When a Perl operator returns only true or false, it returns one of two statically-allocated scalars called &PL_sv_yes and &PL_sv_no. It's more efficient to return these than to allocate a new scalar every time.
There's a third statically-allocated scalar: &PL_sv_undef. It's used by Perl when it needs to return undef.
$ perl -MDevel::Peek -e'Dump(undef)'
SV = NULL(0x0) at 0x2186148
REFCNT = 2147483639
FLAGS = (READONLY,PROTECT)
This scalar is undefined because it has no OK flags. But notice the artificially high REFCNT that prevents it from being deallocated. This tells us that Perl returned &PL_sv_undef. I shall call this "the undef", in contrast to other undefined scalars which I'll call "an undef".
An array element that has never been allocated (e.g. because nothing was ever assigned to it, or because delete was used on it) returns the undef.
$ perl -MDevel::Peek -e'Dump($a[0])'
SV = NULL(0x0) at 0x1116148
REFCNT = 2147483639
FLAGS = (READONLY,PROTECT)
Otherwise, the array element itself is returned, which might be an undef.

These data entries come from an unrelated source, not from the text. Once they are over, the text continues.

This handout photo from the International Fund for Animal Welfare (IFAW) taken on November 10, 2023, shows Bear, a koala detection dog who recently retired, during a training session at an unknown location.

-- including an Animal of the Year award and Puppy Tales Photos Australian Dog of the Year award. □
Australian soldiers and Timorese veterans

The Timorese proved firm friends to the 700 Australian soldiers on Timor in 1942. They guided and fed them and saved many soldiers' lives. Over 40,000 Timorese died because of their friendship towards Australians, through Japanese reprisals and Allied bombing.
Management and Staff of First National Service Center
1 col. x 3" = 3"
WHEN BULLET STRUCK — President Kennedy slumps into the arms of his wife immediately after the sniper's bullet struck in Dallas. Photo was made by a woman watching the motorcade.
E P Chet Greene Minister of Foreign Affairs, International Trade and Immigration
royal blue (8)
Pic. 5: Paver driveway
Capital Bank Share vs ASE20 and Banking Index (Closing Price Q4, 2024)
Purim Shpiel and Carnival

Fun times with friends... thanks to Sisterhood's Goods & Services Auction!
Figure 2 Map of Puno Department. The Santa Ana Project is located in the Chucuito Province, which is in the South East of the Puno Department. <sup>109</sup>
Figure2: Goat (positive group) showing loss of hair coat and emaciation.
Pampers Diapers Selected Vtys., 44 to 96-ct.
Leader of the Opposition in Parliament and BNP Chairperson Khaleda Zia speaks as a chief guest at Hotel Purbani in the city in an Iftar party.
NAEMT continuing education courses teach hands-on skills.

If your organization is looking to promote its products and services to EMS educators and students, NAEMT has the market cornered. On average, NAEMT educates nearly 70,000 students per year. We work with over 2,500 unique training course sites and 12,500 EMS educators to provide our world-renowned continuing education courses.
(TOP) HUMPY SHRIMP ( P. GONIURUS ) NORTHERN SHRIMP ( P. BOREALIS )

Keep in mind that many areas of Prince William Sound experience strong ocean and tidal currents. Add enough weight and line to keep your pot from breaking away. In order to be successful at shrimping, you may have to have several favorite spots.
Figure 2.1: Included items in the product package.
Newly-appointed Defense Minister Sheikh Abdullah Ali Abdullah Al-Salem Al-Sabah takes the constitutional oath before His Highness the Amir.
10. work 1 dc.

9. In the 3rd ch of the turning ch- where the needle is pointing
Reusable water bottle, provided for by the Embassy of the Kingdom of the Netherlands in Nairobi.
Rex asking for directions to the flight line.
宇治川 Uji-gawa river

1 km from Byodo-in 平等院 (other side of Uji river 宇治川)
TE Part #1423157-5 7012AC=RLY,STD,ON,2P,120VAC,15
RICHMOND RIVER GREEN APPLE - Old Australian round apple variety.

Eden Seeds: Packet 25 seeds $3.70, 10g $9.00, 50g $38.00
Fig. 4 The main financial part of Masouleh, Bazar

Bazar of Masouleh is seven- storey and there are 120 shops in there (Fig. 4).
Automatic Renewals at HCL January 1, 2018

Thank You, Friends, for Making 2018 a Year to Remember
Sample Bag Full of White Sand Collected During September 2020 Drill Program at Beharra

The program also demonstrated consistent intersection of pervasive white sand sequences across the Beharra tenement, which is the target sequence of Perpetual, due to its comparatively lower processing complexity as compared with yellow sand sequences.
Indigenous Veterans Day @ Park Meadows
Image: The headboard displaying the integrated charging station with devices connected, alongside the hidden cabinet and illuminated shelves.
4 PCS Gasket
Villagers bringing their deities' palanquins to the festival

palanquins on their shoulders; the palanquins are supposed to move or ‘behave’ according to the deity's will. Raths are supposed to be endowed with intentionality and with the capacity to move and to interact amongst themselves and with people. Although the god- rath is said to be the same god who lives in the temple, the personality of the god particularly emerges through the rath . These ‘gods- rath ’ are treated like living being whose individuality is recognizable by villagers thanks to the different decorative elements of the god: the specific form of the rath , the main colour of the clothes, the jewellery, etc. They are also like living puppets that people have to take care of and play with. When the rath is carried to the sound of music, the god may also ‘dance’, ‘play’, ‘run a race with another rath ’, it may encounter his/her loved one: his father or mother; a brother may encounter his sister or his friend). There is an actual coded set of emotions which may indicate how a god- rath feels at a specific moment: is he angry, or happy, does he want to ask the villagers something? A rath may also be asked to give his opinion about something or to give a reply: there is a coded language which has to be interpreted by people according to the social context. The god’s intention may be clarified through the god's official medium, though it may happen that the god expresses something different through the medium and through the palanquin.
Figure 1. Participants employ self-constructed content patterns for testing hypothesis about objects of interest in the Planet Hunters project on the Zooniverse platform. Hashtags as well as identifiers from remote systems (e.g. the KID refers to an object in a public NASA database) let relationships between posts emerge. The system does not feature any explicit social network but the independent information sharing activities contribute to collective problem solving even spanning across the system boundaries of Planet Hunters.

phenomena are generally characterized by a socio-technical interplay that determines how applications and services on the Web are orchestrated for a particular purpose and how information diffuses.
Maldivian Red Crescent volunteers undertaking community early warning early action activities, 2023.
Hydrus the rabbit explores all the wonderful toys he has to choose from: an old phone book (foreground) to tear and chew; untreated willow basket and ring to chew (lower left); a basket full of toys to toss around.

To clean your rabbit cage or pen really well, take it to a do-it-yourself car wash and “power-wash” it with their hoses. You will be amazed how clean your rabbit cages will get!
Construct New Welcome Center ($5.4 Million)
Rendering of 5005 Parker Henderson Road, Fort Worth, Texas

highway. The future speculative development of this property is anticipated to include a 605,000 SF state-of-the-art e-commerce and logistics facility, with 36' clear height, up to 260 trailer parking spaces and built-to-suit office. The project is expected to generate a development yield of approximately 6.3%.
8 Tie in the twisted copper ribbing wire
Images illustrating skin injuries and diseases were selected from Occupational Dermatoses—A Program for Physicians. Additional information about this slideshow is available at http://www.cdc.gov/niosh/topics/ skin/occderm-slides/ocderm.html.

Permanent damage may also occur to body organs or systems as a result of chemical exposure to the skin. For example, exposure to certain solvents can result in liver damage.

$ perl -MDevel::Peek -e'$a[0]=undef; Dump($a[0])'
SV = NULL(0x0) at 0xc93f90
REFCNT = 1
FLAGS = ()
The feature is meant to be triggered when you literally use undef in the code. But what it actually does is check for the undef.
use feature qw( say );
my @a;
{ say open(my $fh, '<', $a[0]) ? 1 : 0; } # 1
$a[1] = undef;
{ say open(my $fh, '<', $a[0]) ? 1 : 0; } # 1
$a[0] = undef;
{ say open(my $fh, '<', $a[0]) ? 1 : 0; } # 0
delete($a[0]);
{ say open(my $fh, '<', $a[0]) ? 1 : 0; } # 1
As you've discovered, this is an imperfect proxy.